**What to do**
Would you copy the listing below exactly, keeping the pictures out?

**Source data**
-------------------------

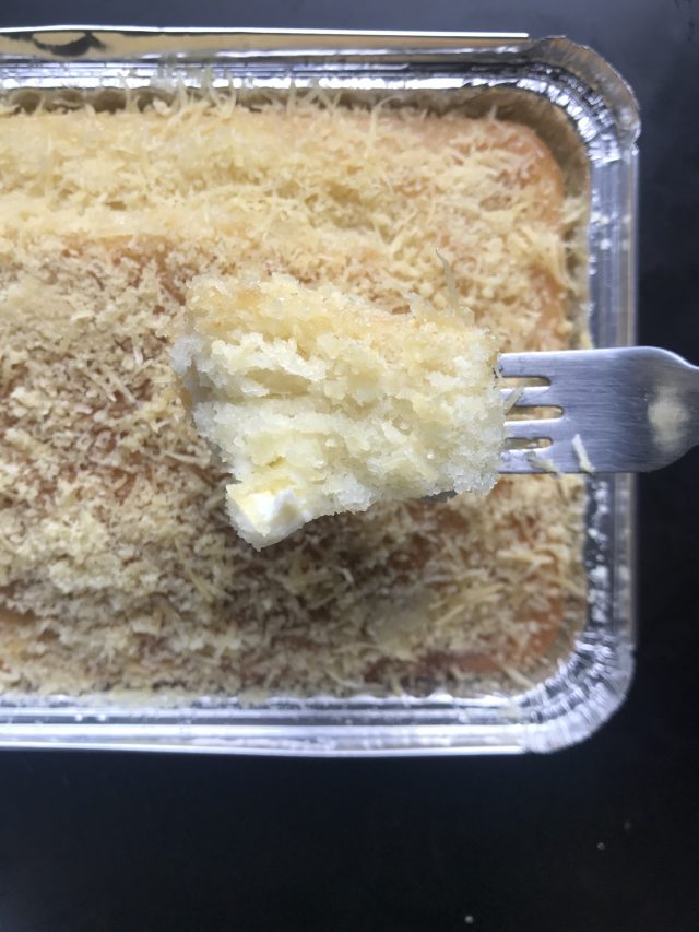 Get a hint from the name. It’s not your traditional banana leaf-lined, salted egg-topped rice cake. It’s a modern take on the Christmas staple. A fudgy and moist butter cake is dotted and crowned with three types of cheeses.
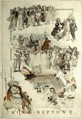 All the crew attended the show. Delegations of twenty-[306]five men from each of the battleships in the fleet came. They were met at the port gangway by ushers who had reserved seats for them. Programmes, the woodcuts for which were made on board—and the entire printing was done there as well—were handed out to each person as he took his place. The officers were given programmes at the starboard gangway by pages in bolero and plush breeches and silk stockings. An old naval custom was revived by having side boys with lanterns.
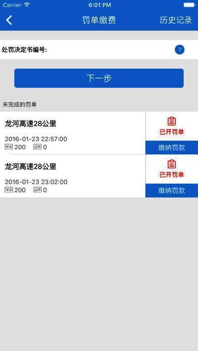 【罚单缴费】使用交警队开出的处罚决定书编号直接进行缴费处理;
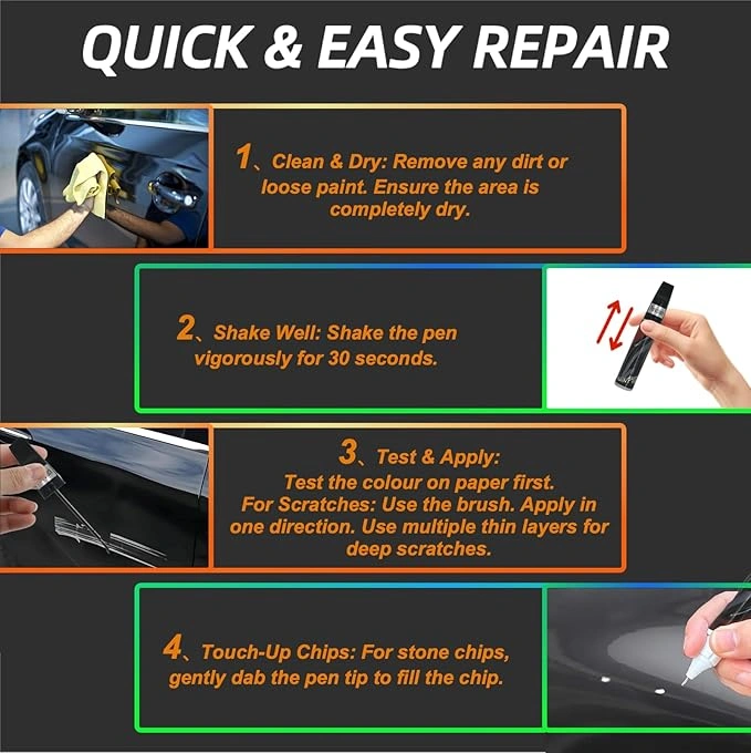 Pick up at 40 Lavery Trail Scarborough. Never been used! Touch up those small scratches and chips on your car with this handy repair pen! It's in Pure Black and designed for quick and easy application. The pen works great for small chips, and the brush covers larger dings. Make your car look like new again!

-------------------------

**Output of the exercise**
 Get a hint from the name. It’s not your traditional banana leaf-lined, salted egg-topped rice cake. It’s a modern take on the Christmas staple. A fudgy and moist butter cake is dotted and crowned with three types of cheeses.
 All the crew attended the show. Delegations of twenty-[306]five men from each of the battleships in the fleet came. They were met at the port gangway by ushers who had reserved seats for them. Programmes, the woodcuts for which were made on board—and the entire printing was done there as well—were handed out to each person as he took his place. The officers were given programmes at the starboard gangway by pages in bolero and plush breeches and silk stockings. An old naval custom was revived by having side boys with lanterns.
 【罚单缴费】使用交警队开出的处罚决定书编号直接进行缴费处理;
 Pick up at 40 Lavery Trail Scarborough. Never been used! Touch up those small scratches and chips on your car with this handy repair pen! It's in Pure Black and designed for quick and easy application. The pen works great for small chips, and the brush covers larger dings. Make your car look like new again!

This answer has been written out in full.